VEPs described here were all collected with binocular viewing, although monocular stimulation is stipulated as standard [1]. While monocular prVEPs are routinely recorded in paediatric visual electrophysiology centres, there are occasions when they are not feasible (e.g. a child not tolerating occlusion) or not indicated (e.g. a child with no inter-ocular differences, or a child where assessment of their binocular visual pathway function is required). Therefore, binocular prVEP reference data are essential for safe and high-quality interpretation of paediatric patient prVEPs. Several studies have investigated monocular/binocular differences in healthy paediatric [9] or adult subjects [45]. Monocular P100 amplitudes are typically smaller, but can be anything from 50 to 100% of a binocular prVEP [45,46,47,48]. Monocular P100 peak times are typically 0–4 ms later than binocular P100s [9, 45, 47, 49, 50]. In the absence of separate monocular prVEP reference data, the binocular data presented here could be used cautiously to interpret monocular prVEPs, bearing in mind these clinical ‘rules of thumb’.
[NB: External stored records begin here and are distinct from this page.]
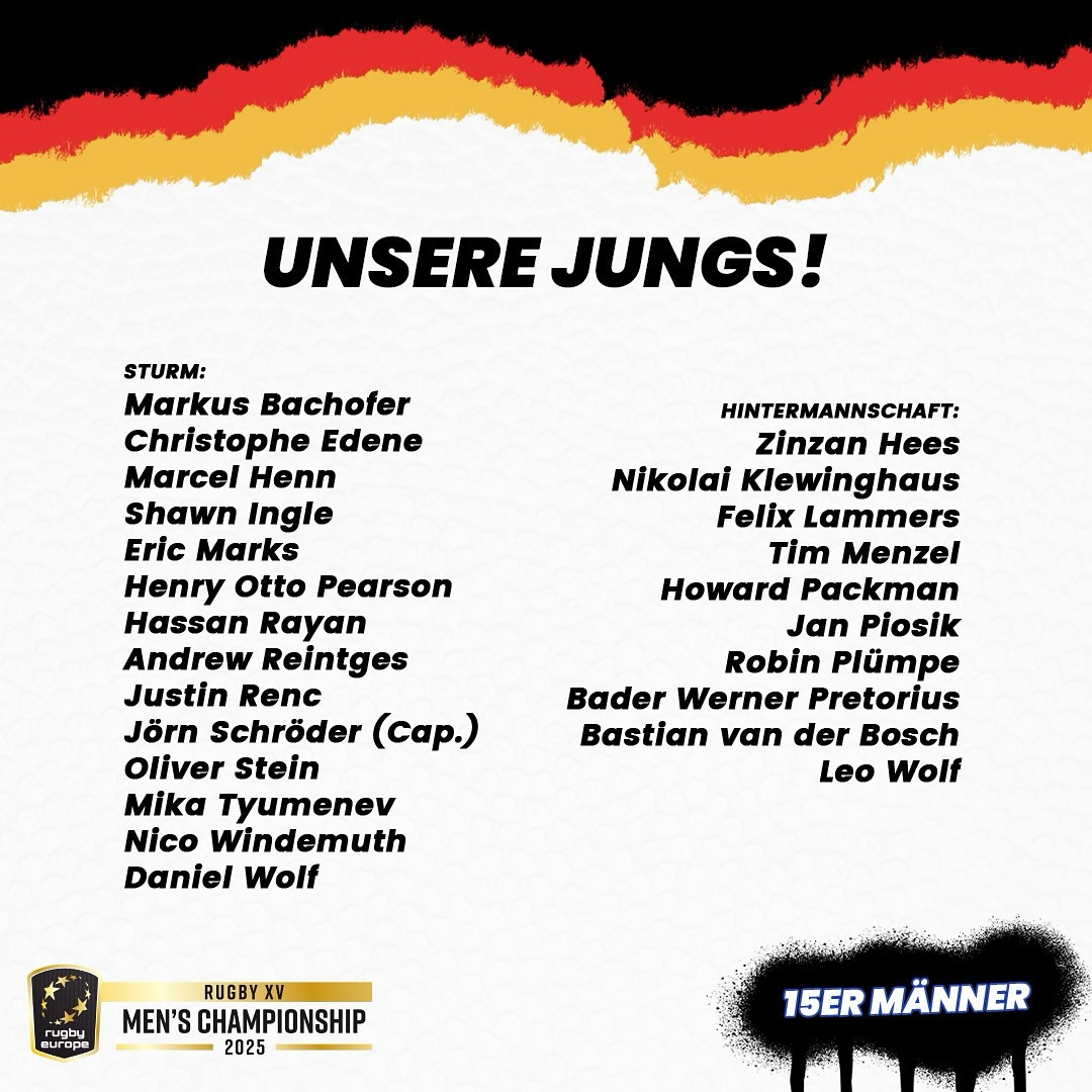 Antrenor al Germaniei, Mark Kuhlmann a recunoscut pentru site-ul oficial al federației de la Heidelberg că echipa sa pornește cu șansa a doua în REC 2025, însă a subliniat că în ediția de anul trecut s-au făcut meciuri bune cu Georgia (a pierdut cu 17-28, acasă) și cu Spania (a pierdut cu 5-27, la Madrid). „Desigur că ne așteaptă o provocare foarte mare. România și Portugalia, cu care ne confruntăm în faza preliminară, sunt cu siguranță favorite, iar cu Belgia nu suntem siguri de succes. Dar toate echipele pornesc cu aceeași șansă și vom face tot ce putem pentru a profita”.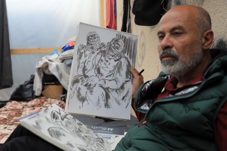 Basil Al-Maqousi, a 45-year-old Palestinian painter, draws a picture every day after he and his family were forced to flee from Gaza City to the southern Gaza Strip city of Rafah.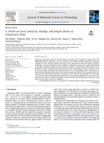 在“双碳”目标驱动下,轻量化材料成为工程结构减重增效的核心需求。镁合金作为最轻的金属结构材料,在汽车、航空航天等领域展现出巨大应用潜力。然而,其密排六方结构导致的复杂循环塑性行为与疲劳失效机制,成为制约其安全应用的关键瓶颈。近日,西南交通大学康国政教授团队在国际知名期刊《Journal of Materials Science & Technology》发表题为 A review on cyclic plasticity, damage, and fatigue failure of magnesium alloys的综述论文,系统梳理了镁合金循环塑性、损伤演化及疲劳失效的前沿进展,推动镁合金从“可用”走向“可靠”。

Recommended process for centres wishing to adopt these reference limits

Note all data presented here were acquired from unsedated, awake infants and children and are therefore very unlikely to be applicable to prVEPs recorded under anaesthesia: as with the ERG [51], the prVEP is altered or even extinguished [52] by anaesthetic agents. The process of ensuring that a reference interval established elsewhere, such as the data published here, can be adopted locally with reasonable confidence, is known as verification (or validation) of a reference interval [3]. The following steps are required:

  1. 1.

    Initial verification: documented assessment of the reference dataset published here (the ‘primary reference interval’) relative to local protocols, i.e. demographic variables, method of estimating the reference limits, original test procedures: if these factors are subjectively judged to be comparable with the adopting centre’s test methods and patient population, then adoption is validated.

  2. 2.

    Further verification is usually necessary, particularly if not all required details of the reference interval are available. The adopting centre recruits 20 local reference subjects who satisfy exclusion and partition criteria: if no more than two local reference data points fall outside the primary reference interval, that interval can be considered acceptable for local use.

  3. 3.

    If three or four data points fall outside the primary reference range, a further 20 local subjects should be recruited and tested; if no more than two reference data points from this second local sample group fall outside the primary reference interval, the interval can be considered acceptable for local use.

  4. 4.

    Otherwise, a re-examination of test protocols should be considered, along with the possibility that the local patient population is substantially different to the reference subjects contributing to the primary reference sample.

  5. 5.

    This simple check is vulnerable to error for skewed distributions or variance differences between primary and local samples. The primary reference dataset is available [53], so comparisons using Mann–Whitney U, Siegel–Tukey or Kolmogorov–Smirnov are more sensitive and specific [2].

  6. 6.

    For greater accuracy in deciding the acceptability of a primary reference dataset, for example, where there is a particular local need for accuracy, larger numbers of local reference subjects should be tested.

Conclusions

These data show that reference data collected using ISCEV Standard protocols are likely to be amenable to combining into larger datasets, with resultant better precision of reference limits and therefore increased diagnostic power. This is seen even with the current datasets, where some deviations in protocol, or variations within the tolerances of the ISCEV VEP Standard, nonetheless produced comparable reference datasets [53].